Simons imaginou que ela estivesse se referindo a Doralice. Teria sido no momento em que ela fizera o check-in? Com os eventos da noite anterior, ele esquecera de fazer.

- Como assim? - ele perguntou.

- Ela apareceu para tomar café de manhã usando um vestido muito do seu estranho, com maquiagem pesada e colar com um desenho estranho, parecendo gente do demônio. Esse pessoal da cidade grande é muito esquisito.


De fato, Kalista estava falando da bruxa alcoólatra, ele concluiu.

- É...

- E essa nem é a coisa mais estranha. - ela continuou.

- Ah, não? E o que é então? - de repente ele ficou curioso. Que outras peripécias de bruxa Doralice poderia fazer?

- Ela pediu vodka no café da manhã, e aí não comeu mais nada.

Simons segurou o riso.

- Deve ter sido uma noite difícil. - ele comentou.

- Pode ser. E eu descobri que ela é a detetive que veio investigar o caso das meninas desaparecidas. Você sabia disso?

- Estou sabendo. - ele faz uma pausa - Espera aí, de quem você está falando?

- Da detetive Érika Green, menino.

Simons ficou confuso.

- Ela desceu aqui e pediu vodka? Hoje?

- É o que estou dizendo. Tá com o pensamento aonde?

- E a outra hóspede?

- Que outra hóspede? - agora era Kalista quem parecia confusa.

- Nada, esquece. O sorvete congelou o meu cérebro. Mais alguma coisa?

- Ela dispensou o serviço de quarto, não quer ser incomodada e pediu dez toalhas.

- Caramba...

Simons esperou Kalista ir embora para poder subir e ir até o quarto. Érika teria acordado? Sentiu o coração aquecer com a possibilidade. Ao entrar no quarto, descobriu que tudo continuava na mesma. Encarou Doralice.

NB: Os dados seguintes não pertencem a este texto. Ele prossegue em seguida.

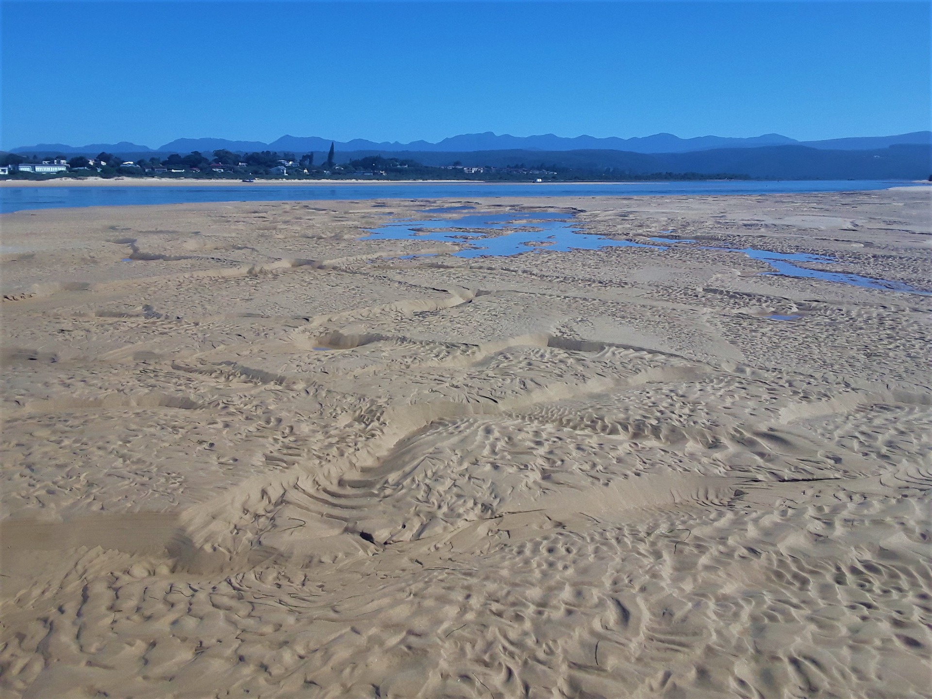 This little river mouth flows downstream and into the lagoon at the tourist town of Plettenberg Bay. From the lagoon, the water then eventually flows out to sea via the mouth. Being right next to the ocean, this lagoon is affected by the tides. When it’s high, the sea washes upstream and at low tide the fresh water flows out to sea quite prolifically.
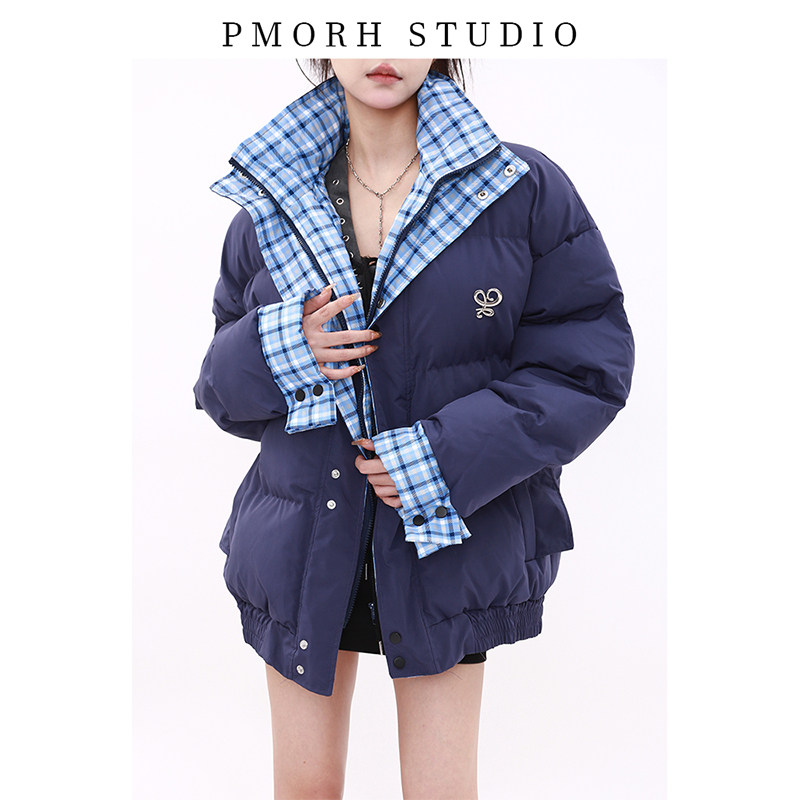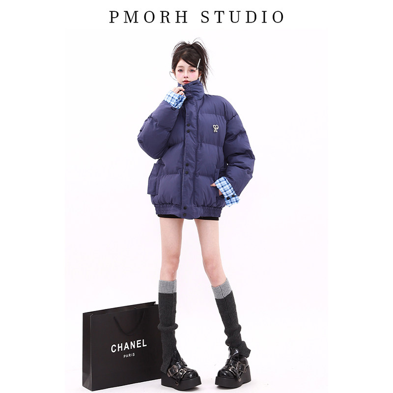 📚 PMORH美式假两件格子拼接羽绒棉服女款春季加厚面包服棉衣棉外套
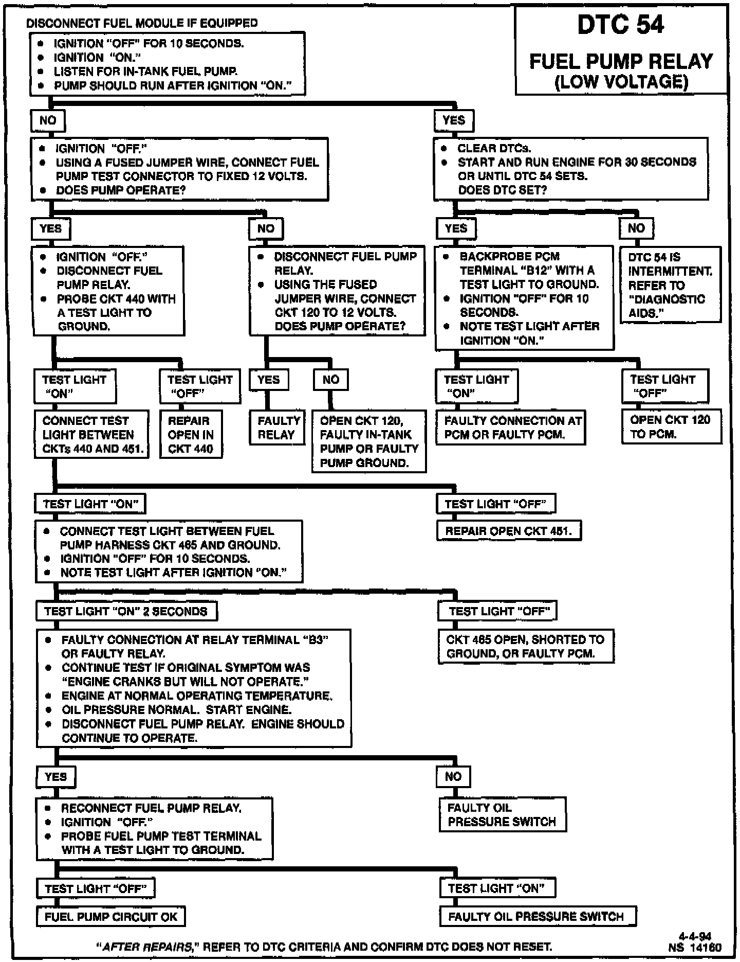 The voltage at terminal "B12" is less than 2 volts for 1.5 seconds since the last reference pulse was received. This DTC is designed to detect a faulty relay, causing extended crank time, and the DTC will help the diagnosis of an engine that "Cranks But Will Not Run."
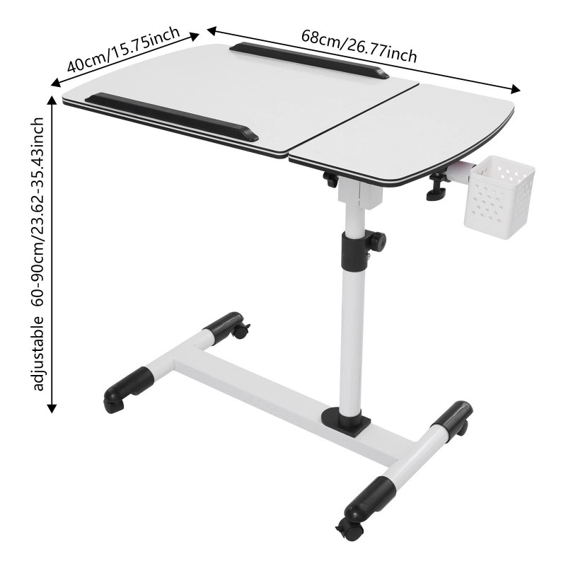 TBvechi Hospital Over Bed Tray Laptop Food Rolling Medical Table Adjustable Desk Tilting
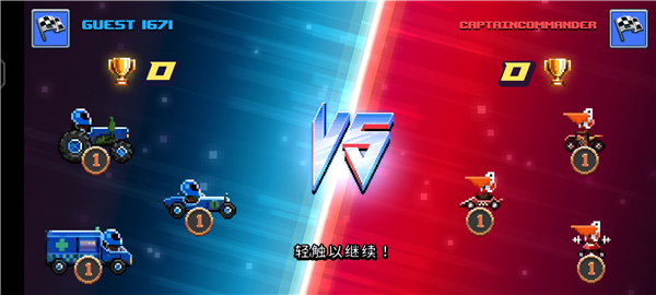 2、游戏的规则比较简单,只要玩家将对方的赛车撞击得系统提示赛车被损坏了,则玩家就是挑战优胜者。
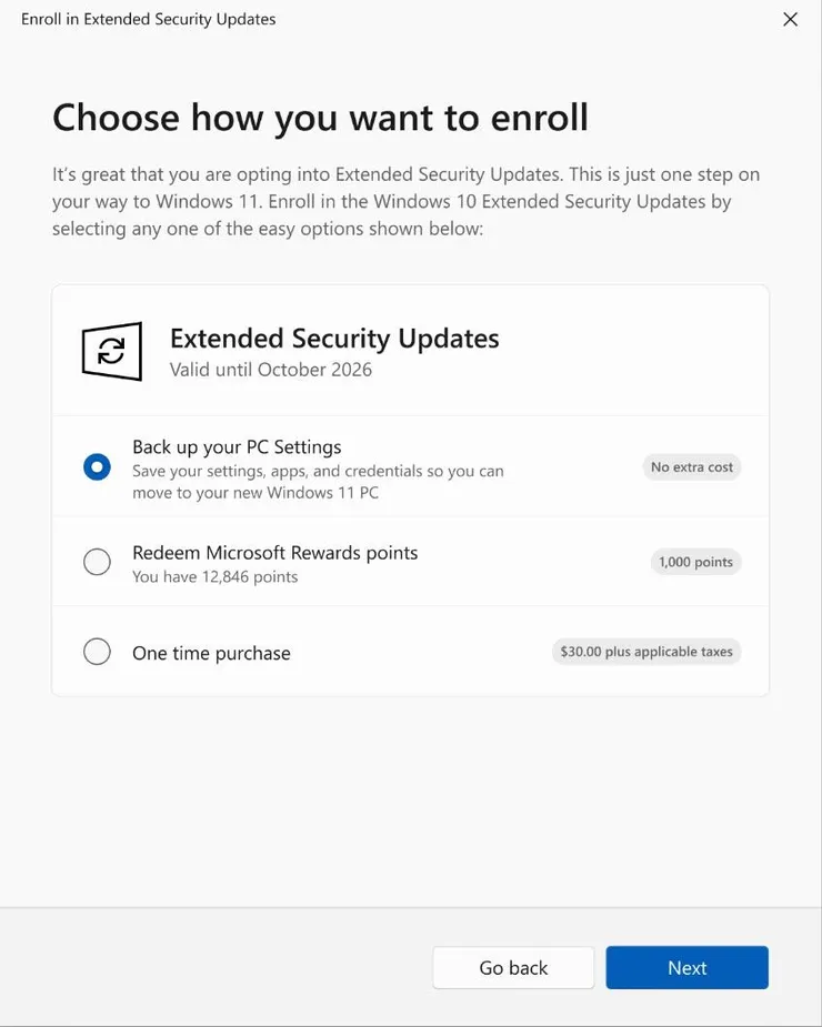 For users outside the U.S., options include a one-time $30 purchase, redeeming 1,000 Microsoft Rewards points, or free enrollment if your PC is already synced with a paid OneDrive or Microsoft 365 plan. Education users get a much cheaper deal: $1 for the first year, $2 in the second, and $4 in the third, totaling $7 per device. Business users, however, will pay $61 per device for the first year, with the cost doubling each year for up to three years.
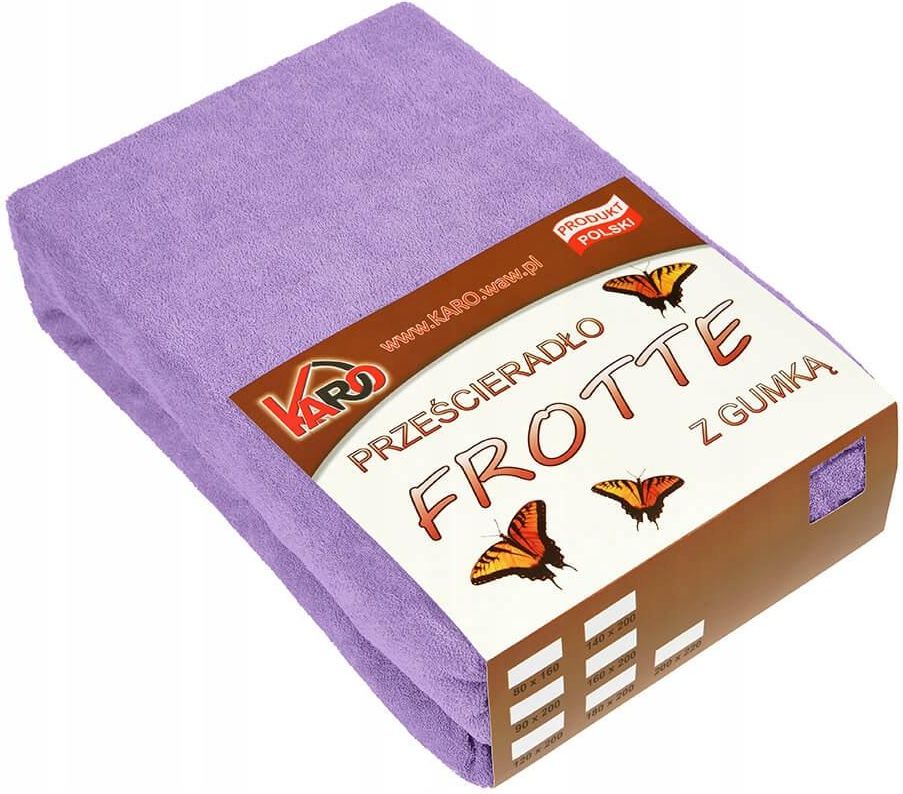 Prześcieradło frotte z gumką 120x200 fioletowe 022 grube 200g/m2 KARO KARO Prześcieradło frotte z gumką 120x200 fioletowe 022 grube 200g/m2 KARO Prześcieradło frotte z gumką jest miękkie i przyjemne w dotyku, a spanie na nim to czysta przyjemność. Szeroka gama kolorystyczna pozwoli na dopasowanie koloru prześcieradła do każdej pościeli. Z kolei wysoka jakość zastosowanych materiałów sprawi, że długo będziesz cieszyć się wyborem prześcieradła KARO. Prześcieradło zachowuje swój fason i utrzymuje intensywny kolor nawet po wielu praniach. Do prześcieradła polecamy również pościele dostępne na innych naszych podstronach. Rozmiar: 120x200 cm. Tolerancja rozmiaru +/-3%. Zakład prześcieradła wynosiok 15cm i nie jest wliczany do rozmiaru. Prześcieradło przeznaczone jest na materace o wysokości do 15 cm. Dzięki bokom z narożnymi zaszewkami, profilującymi prześcieradło do kształtu materaca oraz gumce poprowadzonej w tuneliku produkt doskonale dopasowuje się i układa na materacach o różnej grubości. Skład tkaniny: 82% bawełna, 18% poliester. Materiał: frotte - lekko rozciągliwy i niewymagający prasowania, dzięki czemu jest wyjątkowo wygodny w użytkowaniu. Gramatura: 200 g/m2 - najgrubsze prześcieradło na polskim rynku. Prześcieradła frotte z gumką KARO występują w 14 rozmiarach tj. 60x120, 70x140, 70x160, 80x160, 80x200, 90x200, 120x200, 140x200, 160x200, 160x220, 180x200, 200x200, 200x220, 220x240 w ponad 40 kolorach. Przepis konserwacji: prać w temperaturze do 40°C, nie wybielać, nie prasować, nie czyścić chemicznie, suszyć w stanie rozwieszonym. Indeks katalogowy: 207212 Kod kreskowy EAN: 5904941800833 Marka: KARO
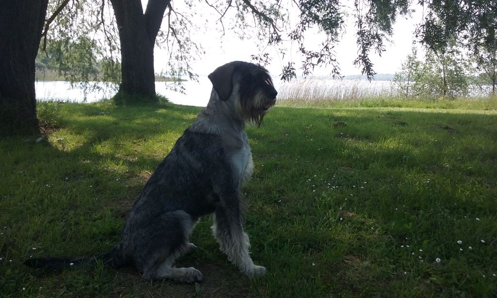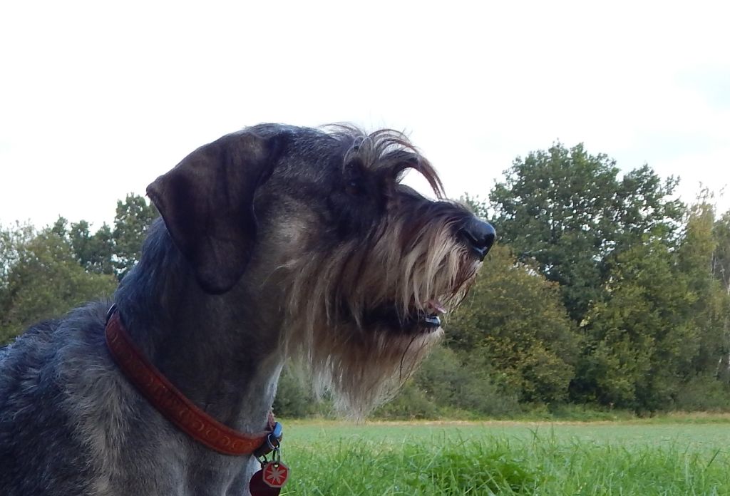 Chienne très équilibrée et amicale, proche de l'humain, mais à fort caractère de Schnauz !
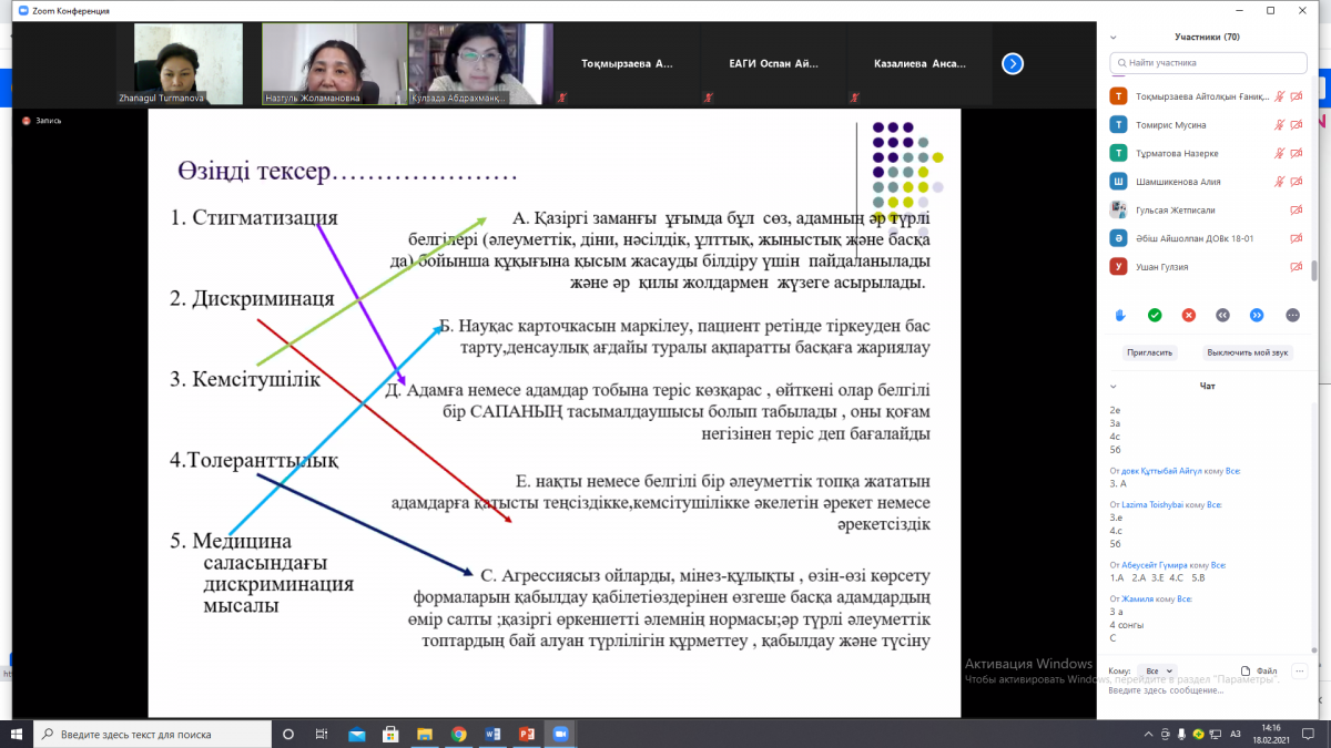 18 февраля 2021 года на основе данной программы Турманова Ж.Е. и Болатбекова Н.Ж. провели онлайн семинар-тренинги на республиканском уровне на темы «Защита детей от жестокости», «Стигма и преодоление дискриминации». В онлайн семинаре-тренинге приняли участие студенты образовательных программ ЕАГИ «Педагогика и психология», «Педагогика и методика начального обучения», «Педагогика дошкольного воспитания и обучения», студенты и профессорско-преподавательский состав образовательной программы «Социальная работа» Университета Нархоз и Кызылординского университета имени Коркыт Ата.
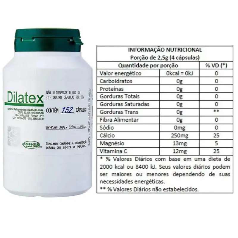 DILATEX permite que você sinta os efeitos do aumento da força, Pump e vasodilatação durante o primeiro treino. Dilatex é um suplemento pré-treino com fórmula exclusiva composta por Alanina e Arginina de mineral quelato . A estabilidade desses complexos de quelatos é aprimorada em nosso laboratório por meio de uma tecnologia chamada OxyPump®, que garante o equilíbrio dos complexos de quelatos. A vantagem deste complexo é a melhor biodisponibilidade (até 90% de absorção x 10 a 20% de minerais inorgânicos), não interfere na absorção de outros nutrientes, não causa efeitos colaterais.Beneficios:
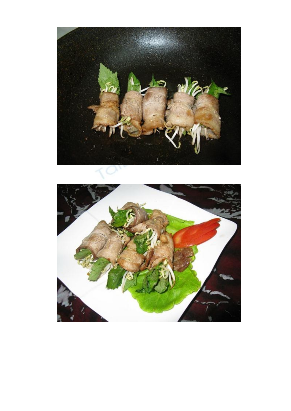 Cuộn thịt ba chỉ với giá đỗ và kinh giới: Cho một miếng thịt vào đĩa, cho giá và một ngọn
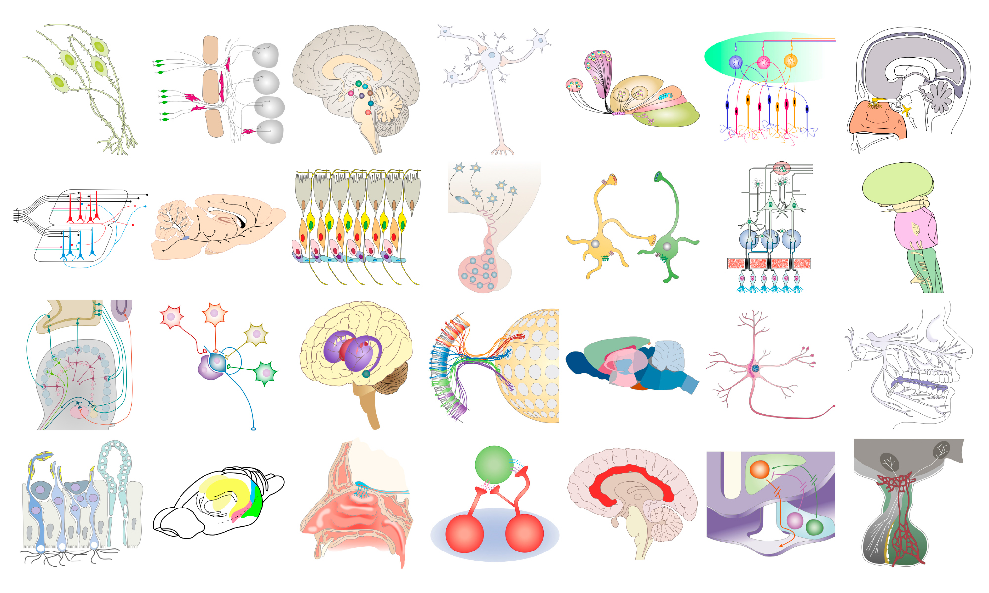 Since July 2017, Gill has been collecting examples of the visual elements that would be required for the conceptual figures in Yannis and Nisha’s journal articles. Gill has re-drawn the elements in Adobe Illustrator, to remove them from the context provided by their original conceptual figures, and has excluded any text and most of the annotation. The resulting images have been posted on the neurographical Instagram feed, with over 150 examples now added. Some of these images are shown in the header image.
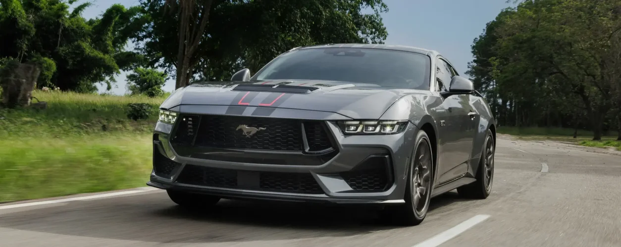 Para se destacar na multidão, o Mustang manual ainda tem detalhes exclusivos de design. Destaque para as faixas esportivas pretas com frisos vermelhos em toda a carroceria, cortando do capô até a traseira.
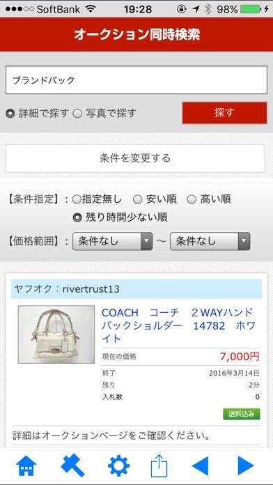 オークションの残り時間が少ない順やアイテムの価格が安い順など、任意の条件で検索したオークションを並び替えすることができるようになっているので、参加したいオークションをすぐに発見できます。
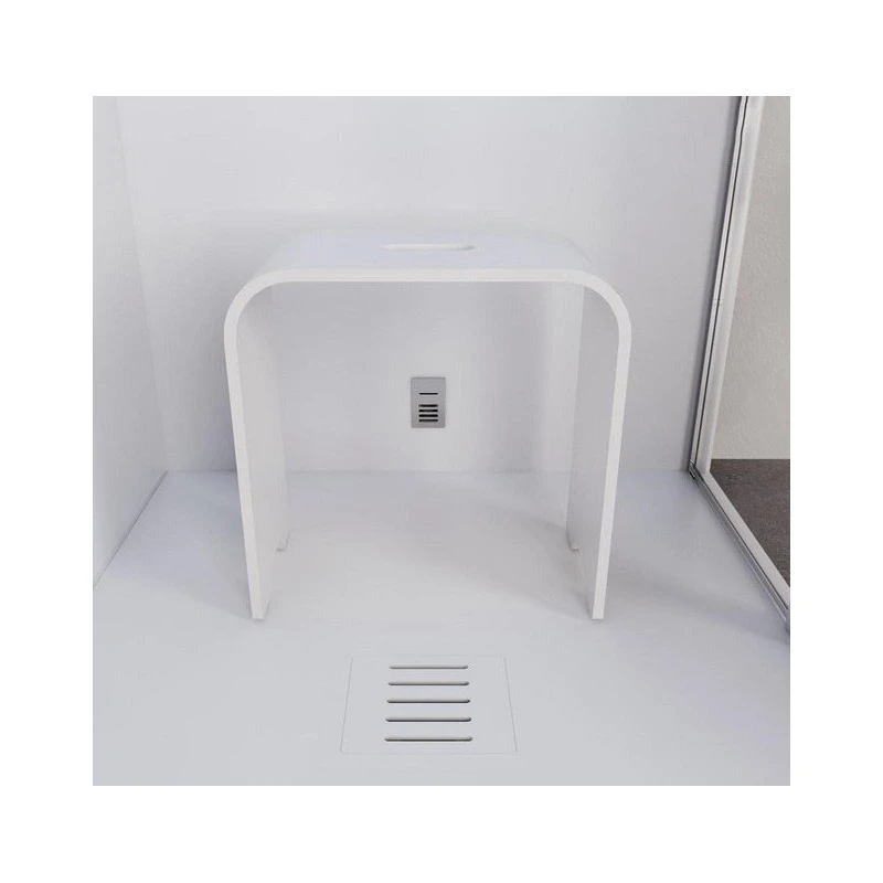 Box doccia in PlyLite bianco opaco materico per installazione ad angolo, composto da piatto doccia H 3cm, parete di fondo, parete attrezzata e tettuccio con soffione

- O que você está olhando, Edward? - ela perguntou.

- A minha gerente disse que a detetive tinha descido até o refeitório hoje pela manhã. Mas pela maneira que a detetive estava vestida e as atitudes que ela teve, mais parecia você, o que não faz sentido, já que a detetive continua na cama e vocês não são em nada parecidas.

- Eu joguei um encantozinho nela. - Doralice respondeu sem se importar.

- Encanto... zinho?

- É, a sua gerente pensa que eu sou a Érika, entendeu?

- Podia pelo menos ter agido igual a ela também. - Simons respondeu.

- O que está insinuando, garoto?

- Essa sua roupa, por exemplo. E bebida no café da manhã? Isso já é demais. E pode parar de me chamar de garoto.

- Por quê? Você fica revoltadinho, é?

Simons rangeu os dentes.

- Como ela está? - ele mudou de assunto.

- Não muito diferente de ontem. Mas parece que ela anda tendo uns pesadelos sinistros. Talvez esteja revivendo o momento em que foi atacada.

- Se ela está tendo essas reações, então vai ficar bem mesmo, não é?

- É o que estamos esperando, porque a mente dela não parece que está em um bom lugar.

- E quanto ao caso? Ela não foi para a delegacia hoje. Não vieram procurar por ela? Ou você já resolveu isso também?

- Chegou uma mensagem do delegado no celular dela. Ele foi para outra cidade, uma tal de Only Faster, e só volta amanhã. Então não precisei me preocupar com isso ainda. Amanhã eu resolvo.

- Vai usar seu feitiço de aparência?

- Talvez não seja preciso.

Simons não fez mais perguntas. Ficou apenas olhando para o corpo de Érika na cama.

- Vou voltar para a recepção. - disse por fim.

Doralice olhou para a boca dele e notou uma mancha escura em um dos cantos dos lábios.

- O que é isso na sua boca? - ela perguntou.

- Pedaços de chocolate. - ele limpou o canto da boca com a língua - Eu passei na sorveteria antes de tomar o caminho daqui.

Ela o estudou como se procurasse por alguma coisa.

- E cadê? - Doralice perguntou.

- Cadê o quê?

- O meu sorvete, ora essa. Não me diga que não trouxe um pra mim! - ela cruzou os braços abaixo do peito e esboçou uma cara emburrada.

Simons riu.

- Não tinha sabor vodka. - ele disse.